The assets and the staff of the RWAs were divided up at privatisation between the new water companies and the NRA. However, all the assets relating to water supply reservoirs were transferred to the newly created private water companies, even in those cases where there were strong recreational and fisheries interests in the reservoirs. Complex charging arrangements were also put in place whereby the newly created companies paid abstraction charges to the NRA for water removed from surface and ground waters but the NRA then had to pay to have such waters released into rivers. In circumstances where reservoirs had been built to control river flow and thus independently support drinking water abstractions, this could entail the NRA paying out more to have the water released than it had charged for its abstraction. It also meant that some releases of water from reservoirs, which in the past had been made principally for ecological or recreational interests, were now made with economic interests as the principal driver.

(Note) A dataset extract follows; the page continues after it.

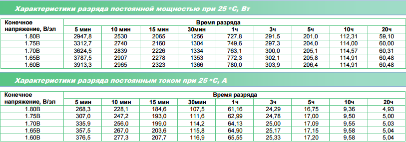 Разрядные характеристики:

The logo of the NRA was a stylised image of a salmon in a circle of water, sometimes frivolously referred to by the staff of the NRA as the washing machine.

The chair of the NRA throughout its existence was Lord Crickhowell.

In 1996, the NRA ceased to exist when it was subsumed into the Environment Agency, together with HMIP Her Majesty's Inspectorate of Pollution (HMIP) and the local authority waste regulation functions. Its duties in Wales passed to Natural Resources Wales in 2013.